# Lightroom question: When to convert to JPEG?



## Jon_Are (Sep 2, 2009)

I understand the whole 'Lightroom is non-destructive editing' concept. And I know that most (all?) new LR users are baffled that there is no Save function.

So, working with a series of RAW images, editing each one so it's just right...at this point do you save it as a JPEG?

I ask because I've seen many state that they only convert to JPEG at the time they are preparing to upload or email the image. Many RAW images, even after having been edited to perfection, may _never_ become JPEGS (I presume).

It seems to me that the keepers should be converted; leaving them in RAW makes them open to unintentional changes whenever you open the image in LR. I know you can go back and undo such changes, but it just seems that I'm leaving them in a vulnerable state - as if I accidentally bump a slider without realizing it.

I don't know, maybe my thought process is screwed up on this.

Any thoughts?

Jon


----------



## McNugget801 (Sep 2, 2009)

But if you bumped a slider you would see that change in image history, one click and the image right back to what it was when you imported.


----------



## Big Mike (Sep 2, 2009)

I only export to JPEG when I have a purpose for those JPEG files...like printing or uploading.  

I don't think you should be worried about 'bumping a slider'...unless you are an extremely clumsy computer user...or unless you have a tendency too drink & edit :roll:


----------



## mrodgers (Sep 2, 2009)

Can't the file be locked from editing in Lightroom?  I thought I remembered seeing that option.  Then if you did want to change something, it can be unlocked then changed.
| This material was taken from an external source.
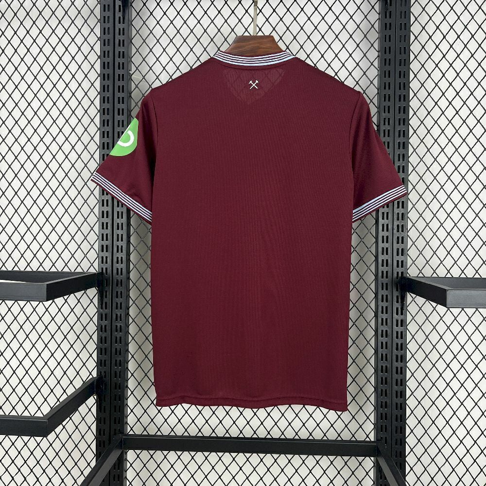 Nossa nova camisa principal é minimalista para a nova temporada. Todo em bordô com detalhes nas axilas em azul e gola V e punhos canelados com listras bordô e azul. Um clássico moderno em desenvolvimento, a camisa recupera o escudo colorido do clube, além do detalhe dos martelos cruzados na parte de trás da gola.
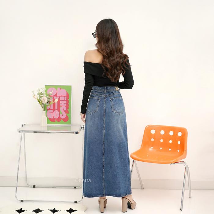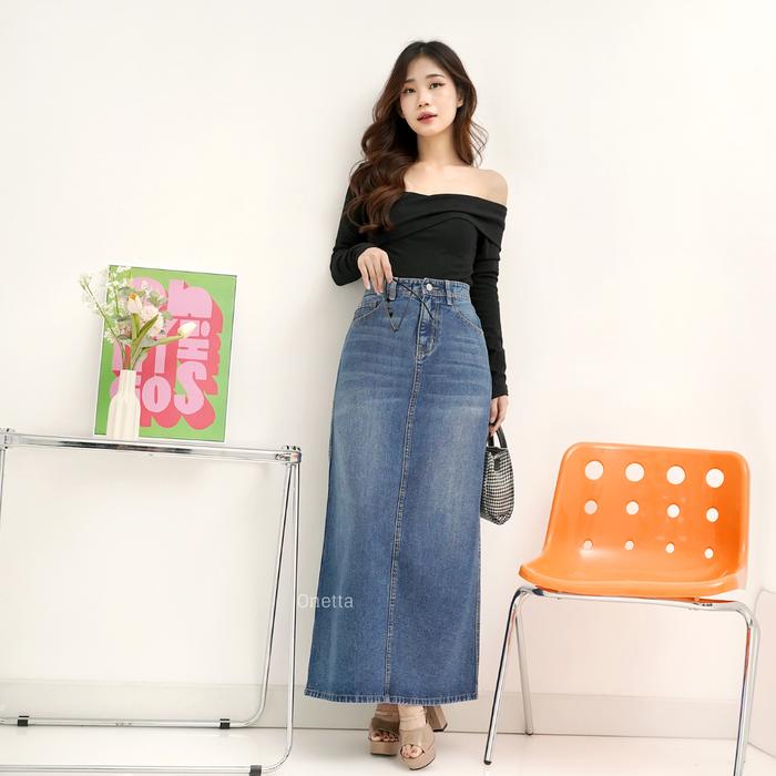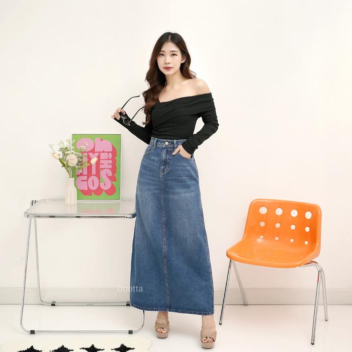 Onetta - OLIVIA (Dark Blue Scrub) - Rok Jeans Panjang Berhijab Tebal Basic High Waist Wanita

Backup the database.  Every photo has an individual folder with the edits in it within the base database folder.  At any point you accidentally change something, you could copy the backup folder for that image back into the main database.  I think the individual folders are the same name as the image files, but I can't be positive.


----------



## Flash Harry (Sep 21, 2009)

Once I've edited a raw file. I save as a PSD, if I have more work to do, if not its saved in tiff format at full size, I only convert and save in jpeg for online, final print and cd storage when all is done n dusted. H


----------



## patrickt (Sep 21, 2009)

When you produce a JPEG you aren't converting. The original raw file remains unchanged. If, in the future, you want to try something different you can call up the raw file, reset the settings to default, and take another go at it.  I archive both raw files and JPEGs I deem worthy of saving.

At times, I'll dig out old raw files and use my newer, and improved, software to edit them with usually good results.


----------



## RyanLilly (Sep 23, 2009)

Big Mike said:


> I don't think you should be worried about 'bumping a slider'...unless you are an extremely clumsy computer user...or unless you have a tendency too drink & edit :roll:



Well I do drink and edit, but only on my own time and projects, not the client's.

I don't see any reason to go jpeg until the project is completed, and archived.


----------



## Flash Harry (Sep 23, 2009)

patrickt said:


> When you produce a JPEG you aren't converting. The original raw file remains unchanged. If, in the future, you want to try something different you can call up the raw file, reset the settings to default, and take another go at it.  I archive both raw files and JPEGs I deem worthy of saving.
> 
> At times, I'll dig out old raw files and use my newer, and improved, software to edit them with usually good results.



I don't use lightroom, convert was probably the wrong word, I meant I only "save" as jpeg when I'm done. The only jpegs I save in the HD are for the web, I save raw and tiff files for archive purposes also psd for future editing, if needed, I was merely pointing out that this file type being lossy/compressed is useful only as a last save or burn format, OK. H


----------